Le scarpe da running influenzano in modo significativo l’appoggio del piede. I modelli con drop elevato (differenza tra tallone e avampiede) tendono a favorire l’appoggio di tallone, mentre le scarpe minimaliste o a basso drop incentivano un appoggio più avanzato.
Tuttavia, passare da una scarpa ammortizzata a una minimalista non è una soluzione automatica. Il corpo deve adattarsi gradualmente, e il rischio di infortuni aumenta se il cambiamento è troppo rapido. Anche in questo caso, la regola è la gradualità.
La scelta della scarpa deve essere personalizzata, basata sulla struttura fisica, sul tipo di corsa, sul terreno e sugli obiettivi dell’atleta. Non esiste una scarpa “migliore” in assoluto, ma quella più adatta ad ogni runner (trova qui quella che fa più per te).
Appoggio e performance: cosa dice la scienza
Numerosi studi hanno analizzato la relazione tra tipo di appoggio e performance. In generale, possiamo dire che l’appoggio sull’avampiede è associato a una maggiore efficienza energetica, soprattutto nelle distanze brevi e nelle gare veloci. Tuttavia, l’appoggio di tallone non è necessariamente penalizzante nelle lunghe distanze, dove la gestione dello sforzo e la resistenza giocano un ruolo più importante.

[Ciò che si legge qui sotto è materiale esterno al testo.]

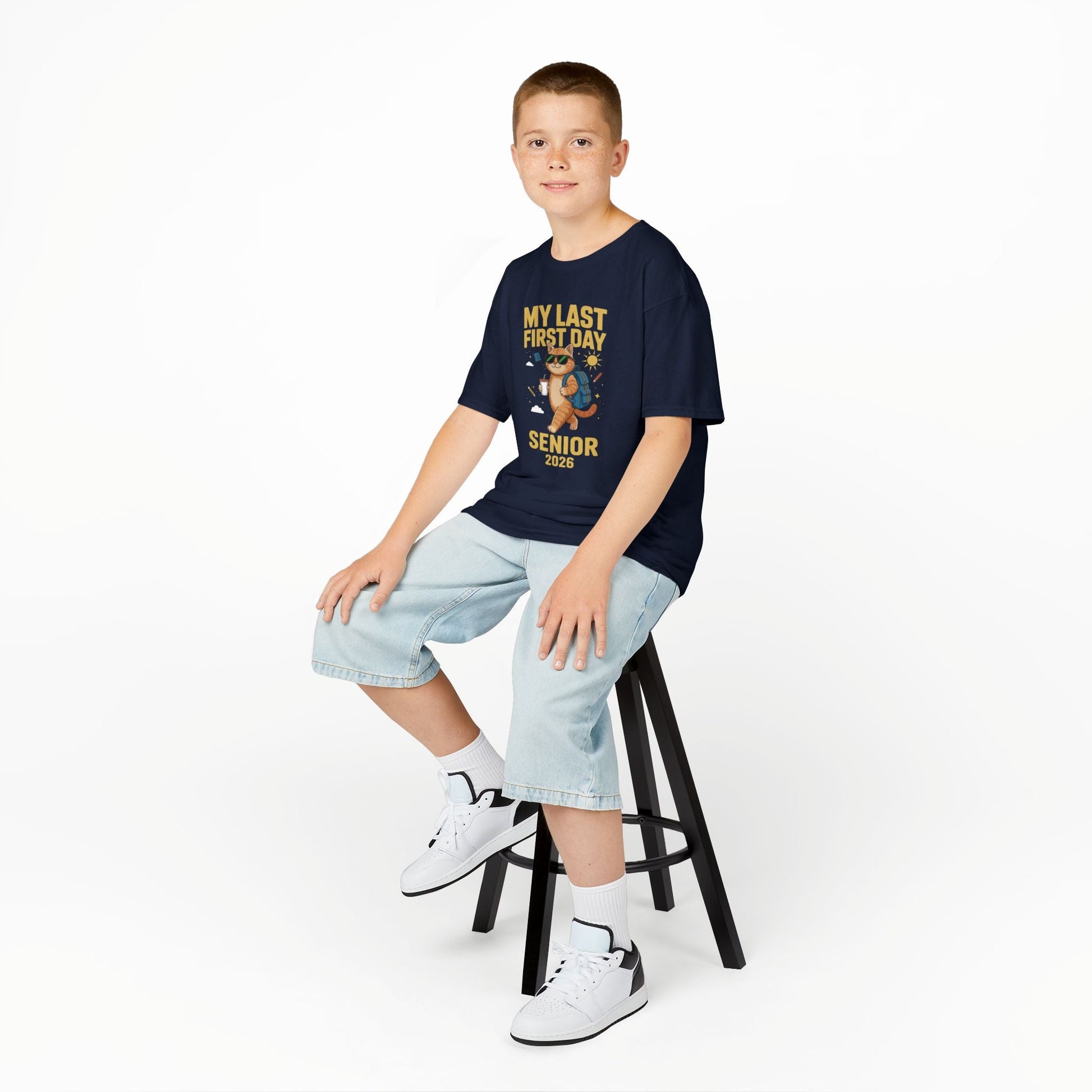 This 'My Last First Day Senior 2026 Cat Back to School Cool Class' T-Shirt is a perfect way for kids to start the school year with style. The design gives off a cool and fun vibe, making it ideal for young students heading back to school. It is relevant for back-to-school season and any school-related occasion.
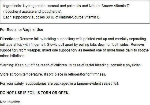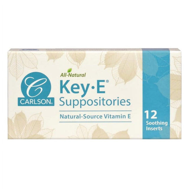 Carlson Key E Suppositories are natural soothing inserts. Each suppository delivers 30 IU of natural-source vitamin E. The inserts are prepared with a base derived from coconut and palm oils. This non-laxative formula soothes and features antioxidants. For rectal or vaginal use.

La biomeccanica ideale è quella che permette di correre in modo economico, riducendo il dispendio energetico e il rischio di infortuni. In questo senso, l’appoggio è solo una componente di un sistema più ampio, che include postura, cadenza, ampiezza del passo, oscillazione verticale e stabilità del core.
Correre bene è un equilibrio
L’appoggio di tallone nella corsa non è un errore da correggere a tutti i costi, ma un elemento da valutare nel contesto globale del gesto atletico. In alcuni casi può essere funzionale, in altri può rappresentare un rischio. La chiave è l’equilibrio: conoscere il proprio corpo, ascoltare le sensazioni, monitorare i segnali e intervenire con consapevolezza.
La corsa è un gesto naturale, ma anche tecnico. Migliorarla significa lavorare su sé stessi, con pazienza e metodo. E ricordare che ogni passo, anche quello di tallone, può essere il primo verso una corsa più efficiente, più sicura e più soddisfacente.